Beginners guide to growing your own food #2

Do you want to try your hand at growing some food, but don’t know where to start? Then, this is an ideal place to begin. Experienced horticulturalist Sylvia Cordell, Cultivate London’s business and community development manager, will be sharing her top tips every month in her new exclusive Around Ealing blog.

Here is her second blog. You can still read her first blog entry for June.

Sylvia’s blog #2: July

two women in garden leaning on a spade and garden fork
Syliva Cordell and Cultivate London colleague at Hanwell DIG project

We are marching through the growing season, with long dry (mostly) hot days. It’s a good month to take herb cuttings, so that is our focus for July. You can still sow some more seeds this month. Salad seeds such as lettuce, radishes, rocket, and salad leaves. Vegetables like kale, carrots, kohl rabi, and oriental leaves such as mustards, pak choi and mizuna, to name a few.

General tips

  • Weeding: If you have sown some vegetables last month, keep them free of weeds because these can block out light and take up some of those precious nutrients you want for your vegetables
  • Watering: Ensure you keep things watered. With the longer drier days vegetables have a natural habit of wanting to flower and set seed, the drier it is, the quicker they will do this.

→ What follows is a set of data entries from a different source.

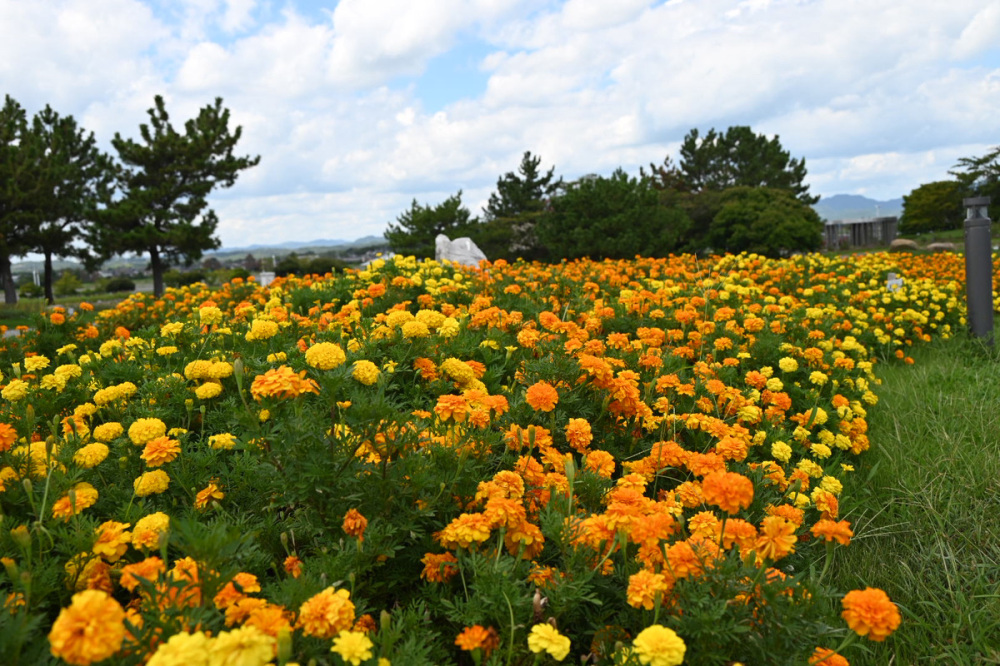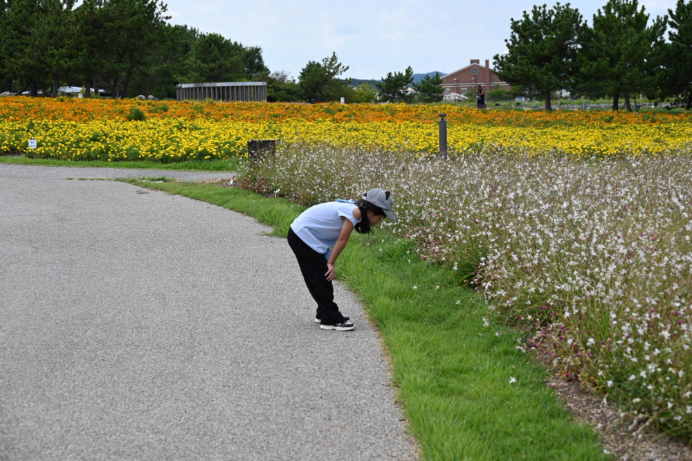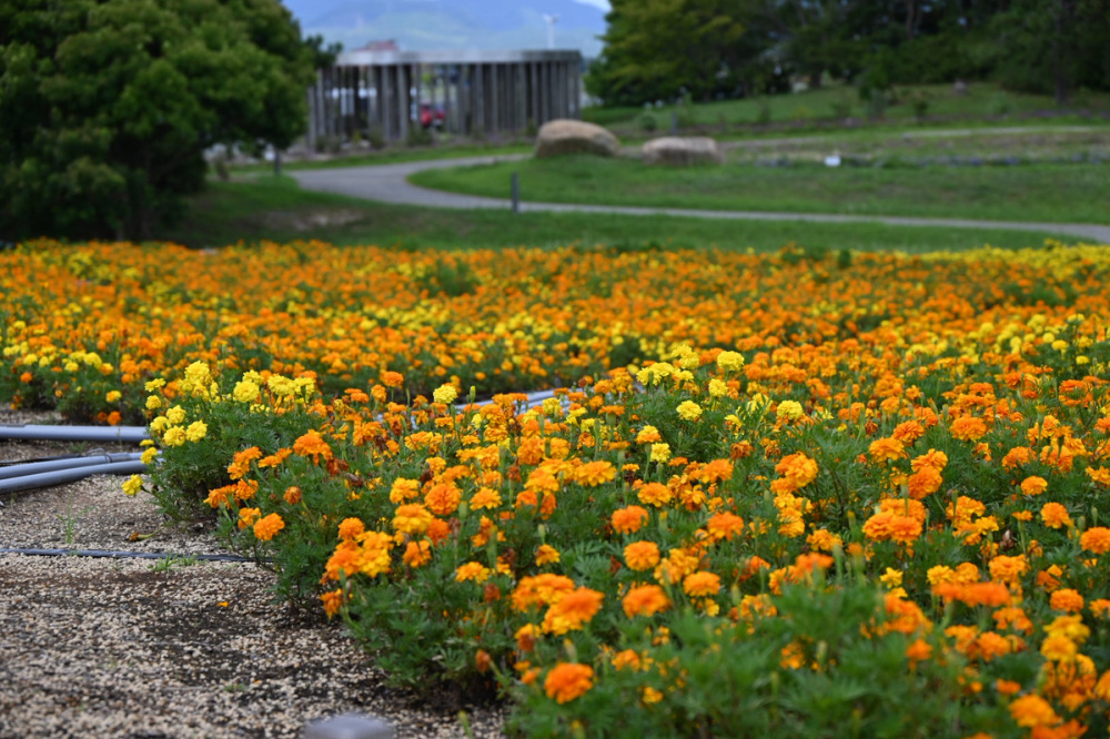 マリーゴールドのオレンジと黄色が鮮やかで、ゆったりと歩きたくなります。花に引き寄せられるように虫たちもいて、子どもは虫にも夢中でした。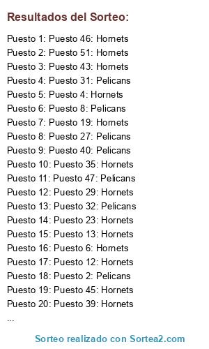 Resultados del sorteo: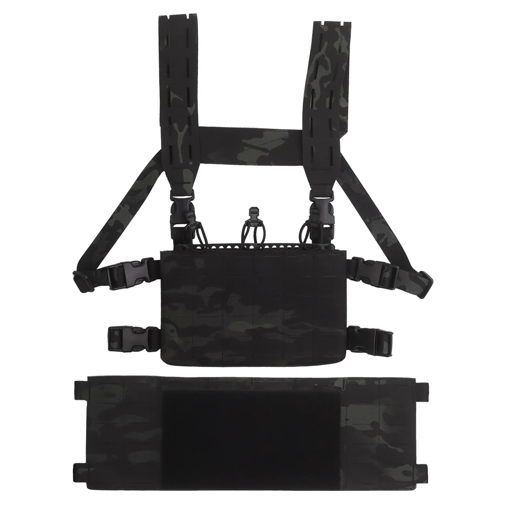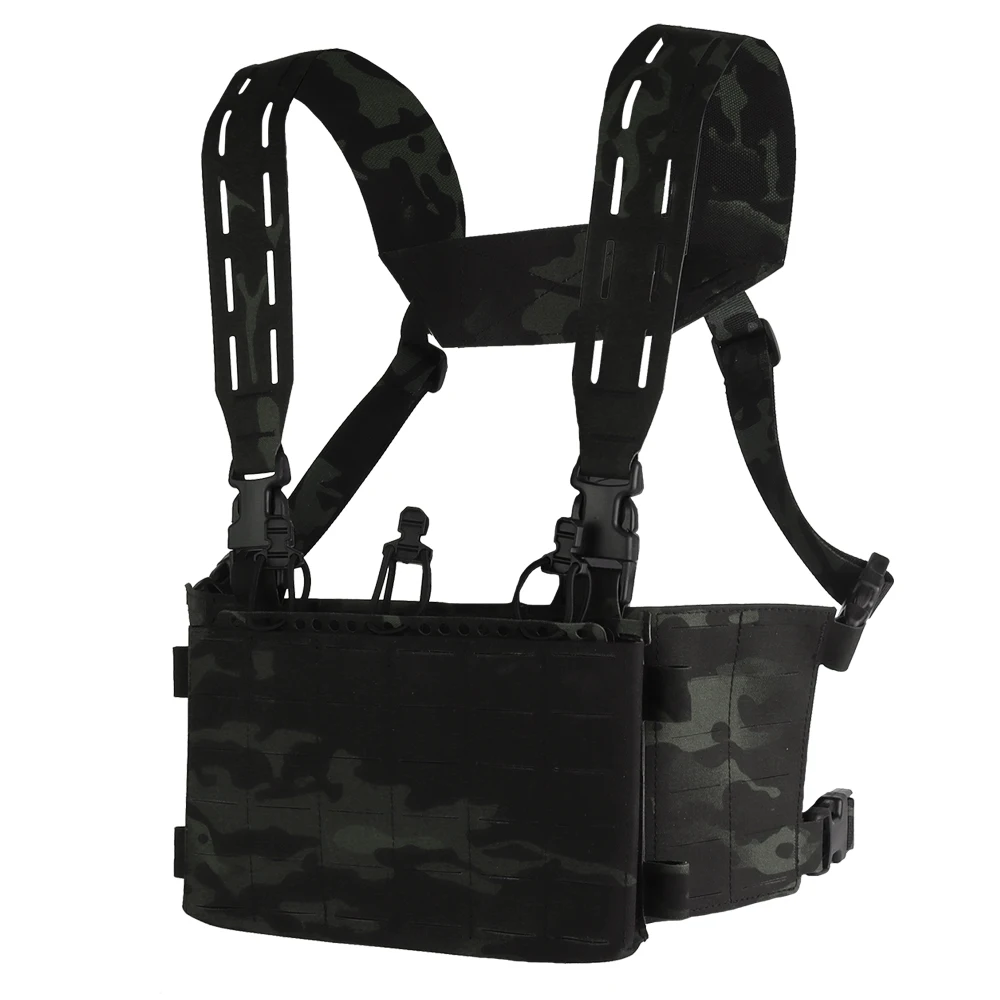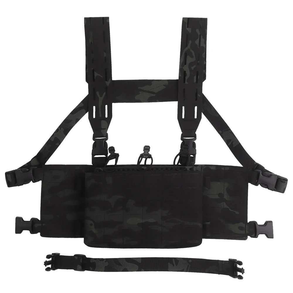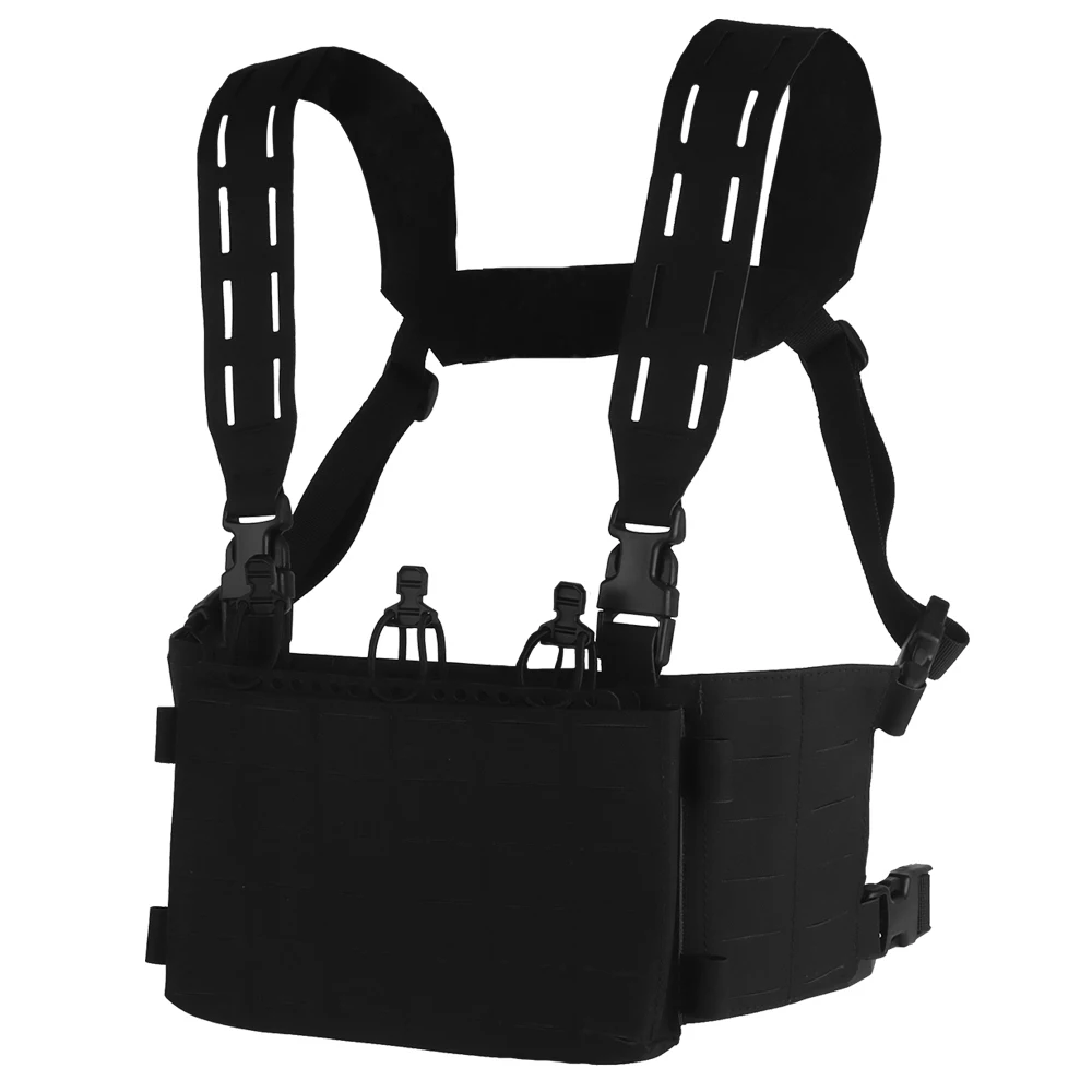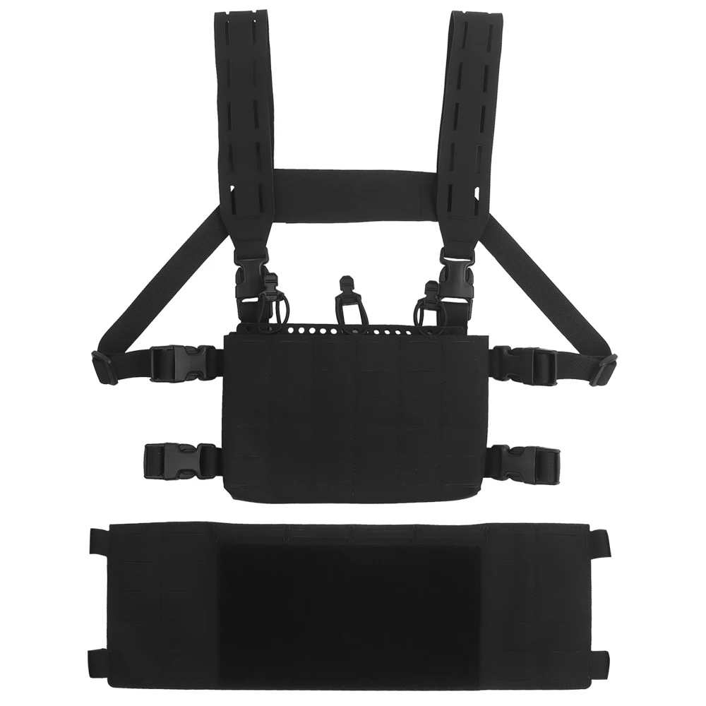 Equipo táctico de pecho, chaleco de entrenamiento modular Airsoft, equipo de camuflaje multifuncional con sistema MOLLE de bolsa triple para cargador 556

It’s known as ‘bolting’. Keeping things watered helps to slow or prevent this process ensuring you have some nice vegetables for all your hard work
  • Mulching: If you do get a heavy downpour of rain, try mulching your grow bed with some garden compost or well-rotted manure, both available from any garden centre. This will help to lock in moisture keeping the soil damp. Never do this during a dry spell as it will have the opposite effect.

Growing herbs

Cuttings: Free plants! You can take cuttings of herbs such as sage, rosemary and thyme, oregano. Many community gardens will have these plants and I’m sure will be happy to let you take a cutting or 2.

Hands tending to pots with small plants inside
The steps to propagating your own herbs. Photos by Sally Tillson

How to do it:

  • Rosemary – use the new season’s bendy growth from the top of the plant. Take a cutting of approx 12cm, cutting at a 45-degree angle. This helps by exposing more of the cutting to the water
  • Strip off the lower leaves and cut out the growing tip (this takes the leader away and encourages the cutting to use its energy on growing new roots). If your pot is not ready, drop your cuttings into water or a plastic bag whilst preparing the pot. A small 9 cm pot is fine as long as it has drainage
  • Fill the pot with cuttings compost. If you don’t have this, regular compost will probably be ok too, mix it up with some horticultural grit
  • Using a dibber (mine is the back of a pencil) poke some holes in the soil. Drop your cuttings in (you can put several in a small pot) ensure all leaves are above the soil level. Water gently, keep it damp but not too wet. If you have a clear plastic bag you can put it over the top and secure it with an elastic, this helps to create a mini greenhouse effect and will speed things up a little. But it is not essential
  • When you start seeing new growth in approximately 4-8 weeks, the cutting is ready to be potted on.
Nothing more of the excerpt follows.